Thanks for the reply. My example is heavily simplified. The procedure is to be used with an application that allows a user to select and execute a set of tests of their choice against a sample of data. These checks can be run against any one of a number of different columns. The tests are not limited to simple string comparisons. Perhaps I should have made this clearer in my original post, I was trying simplify what is a bit of a complex problem!

I have used the bitwise field because I have a requirement to allow a user to select rows from the master data (i.e. #base_data) that have failed any combination of tests, e.g. return all rows that failed tests 2,3 & 7. So it's either add lots of bit flags or a bitwise column and I prefer the bitwise approach.

The bit I really want to get rid of is the loop in the middle section. I'm going to have a look at the case/unpivot approach and see if I can make something work.

I'm open to suggestions as to other approaches.

Thanks Iain

irobertson Hall of Fame Points: 3695 More actions · Answer 4

As I thought. The case with unpivot option does the job much better:

-- unpivot



-- again, note that this will be built dynamically, but not shown here for clarity

select FirstGroupingId

		, SecondGroupingId

		, CheckId

		, FailCount

from (

	select FirstGroupingId

		, SecondGroupingId

		, sum(case when 1 & BitwiseValue = 1 then 1 else 0 end) as [1]

		, sum(case when 2 & BitwiseValue = 2 then 1 else 0 end) as [2]

		, sum(case when 4 & BitwiseValue = 4 then 1 else 0 end) as [4]

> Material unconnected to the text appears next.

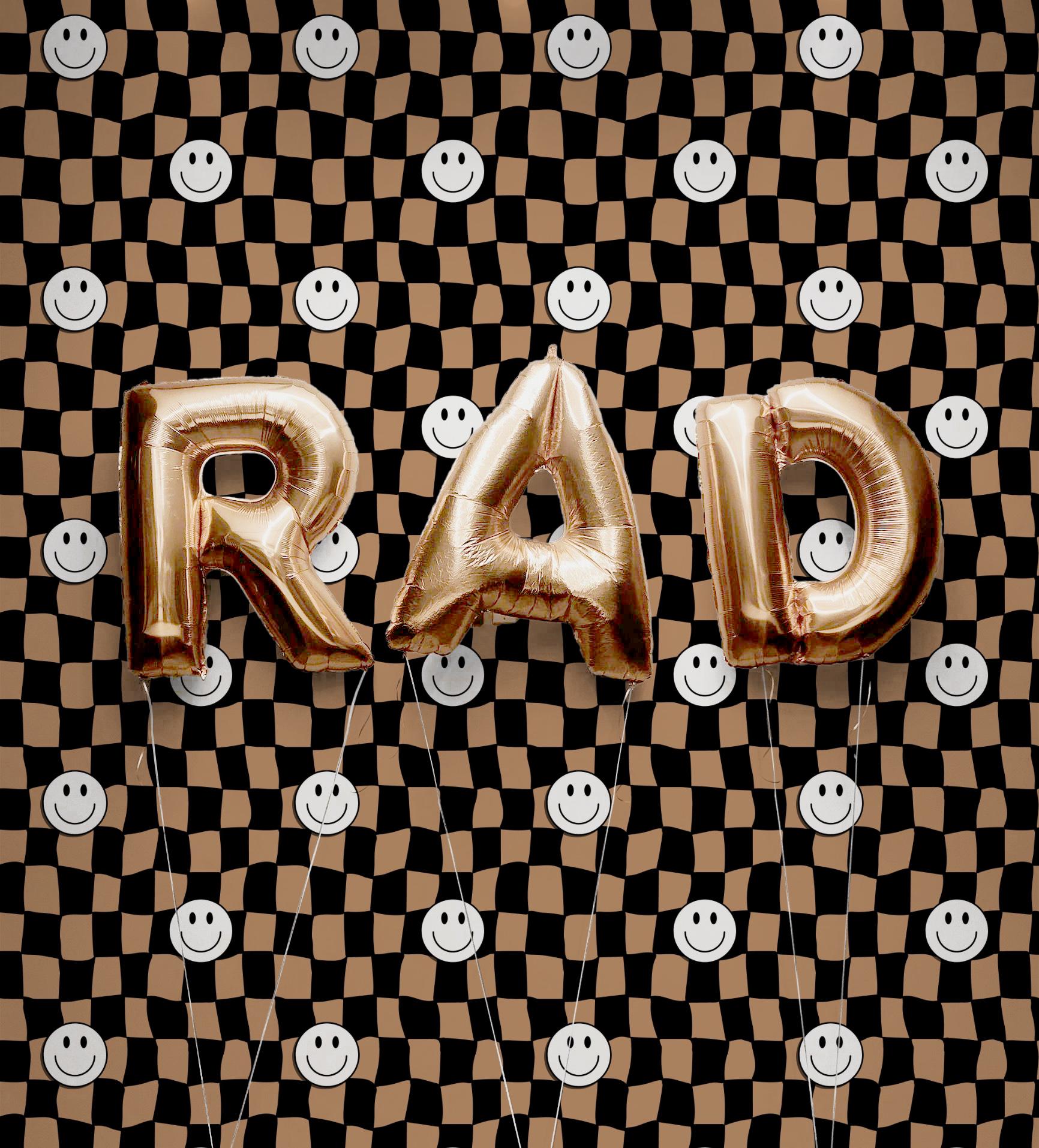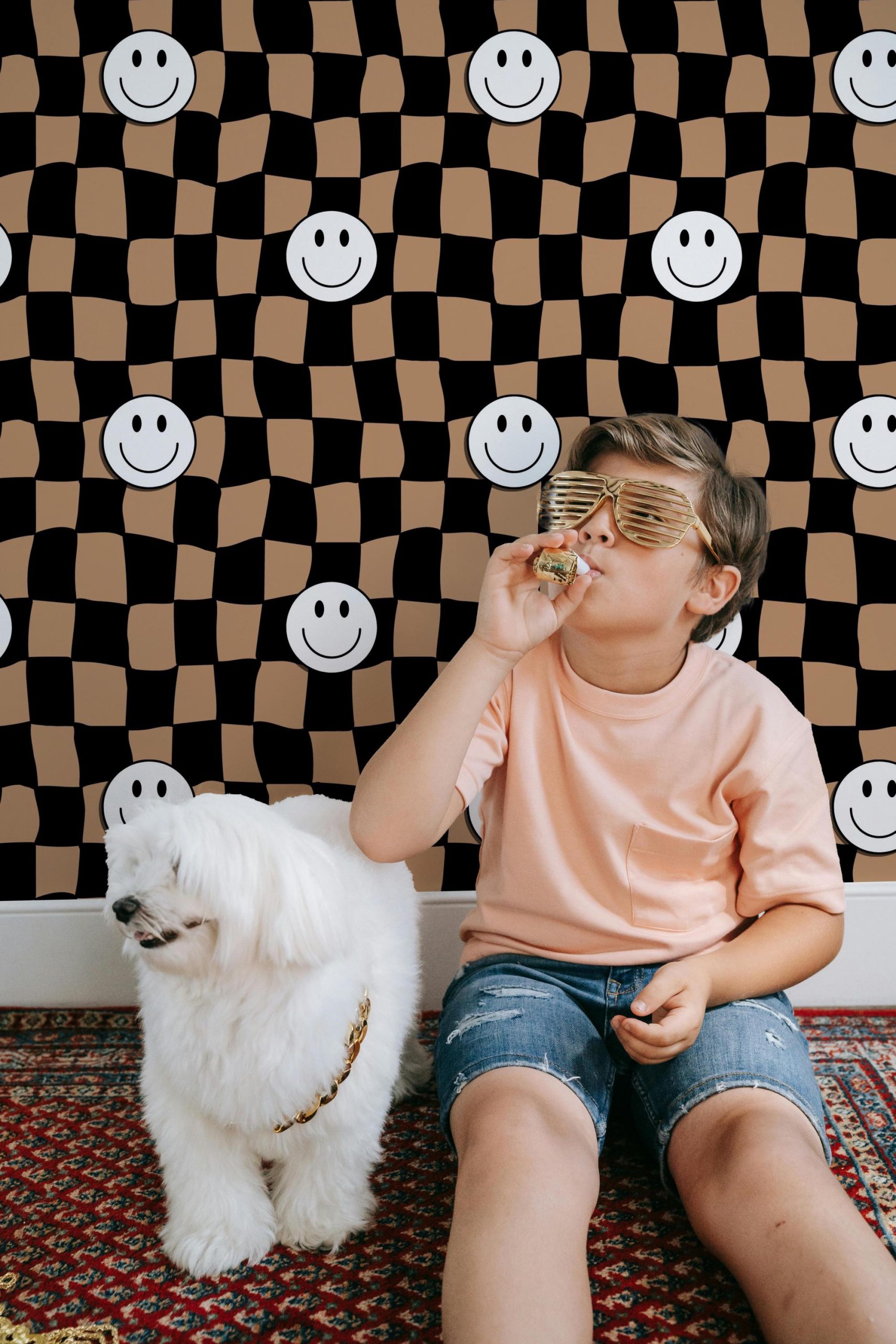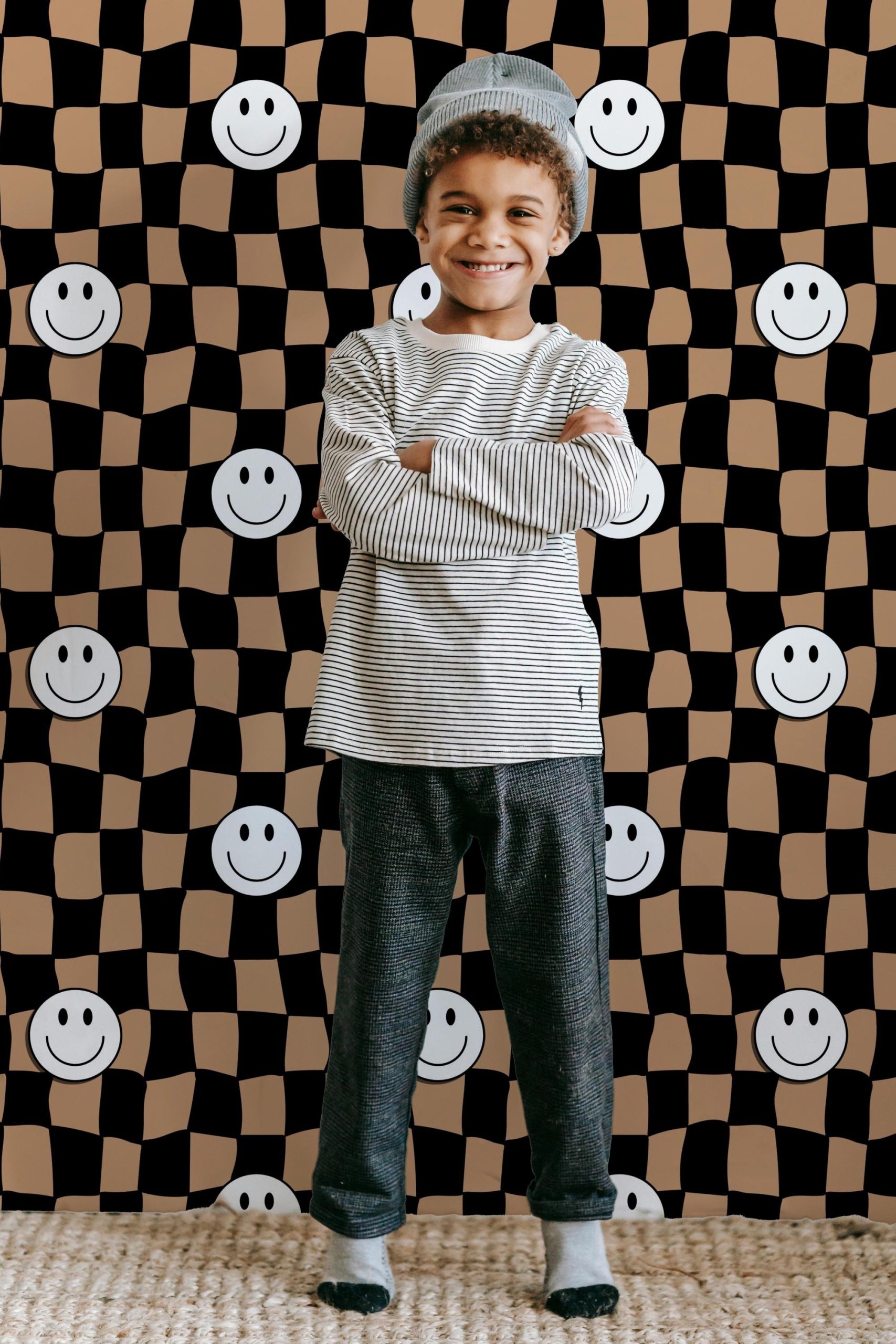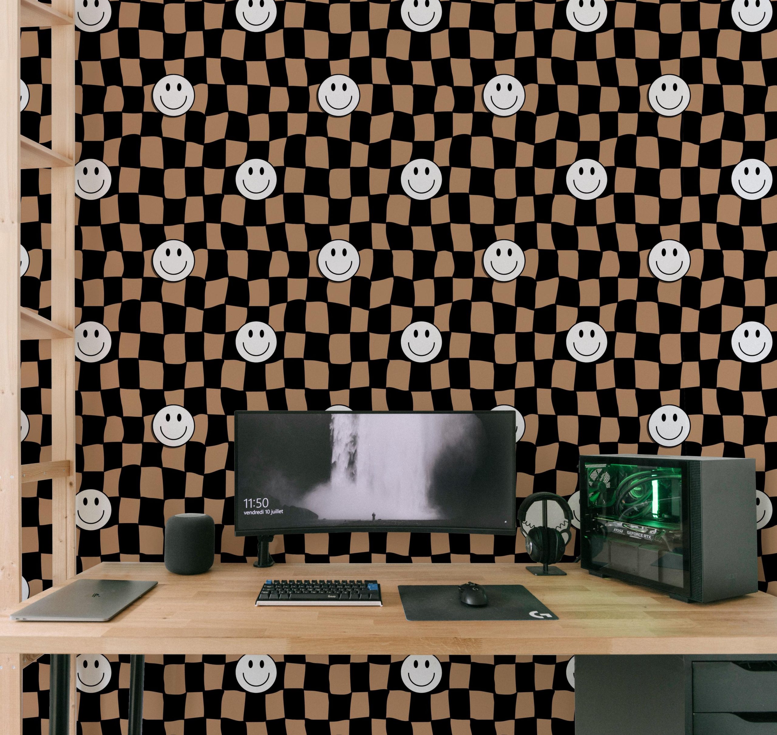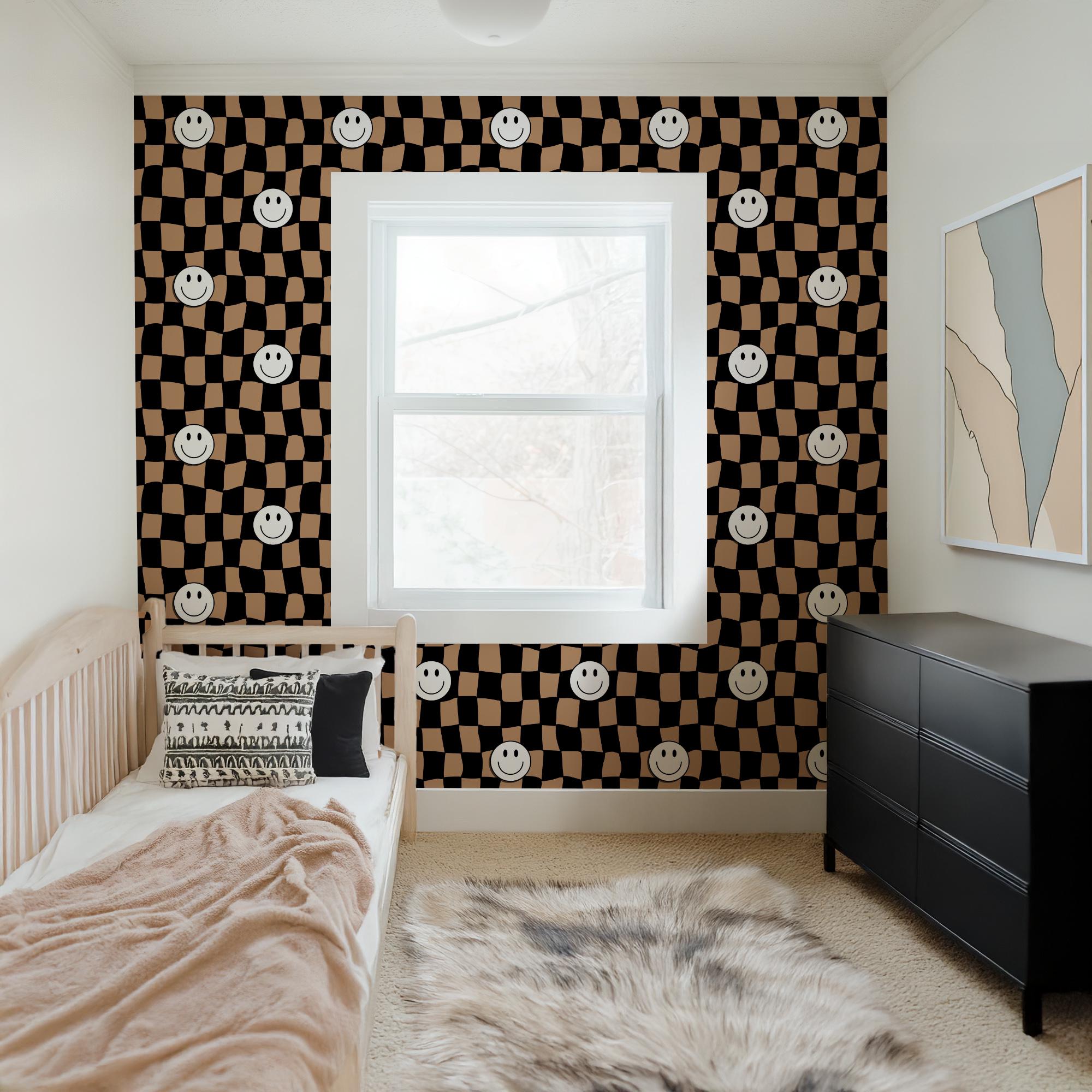 Smile Face Wavy Checkered Wallpaper, Check Wallpaper Tan Copper Black, Checkered Peel Stick Removable, Retro Rad Cool Kid Boys Room

		, sum(case when 8 & BitwiseValue = 8 then 1 else 0 end) as [8]

	from #base_data

	group by FirstGroupingId

		, SecondGroupingId

	) src

unpivot (

	FailCount for CheckId in (

		[1],[2],[4],[8]

		)

	) unpvt

where FailCount > 0

order by FirstGroupingId, SecondGroupingId, CheckId

A clear demonstration of how it's often much better to step away from something than to attempt to plough through it. Well, that and the power of thinking about your problem in such a way as to be able to explain it to someone else.

I'm still open to suggestions as to approach though. If anyone would like to comment or improve on this feel free.

Thanks, Iain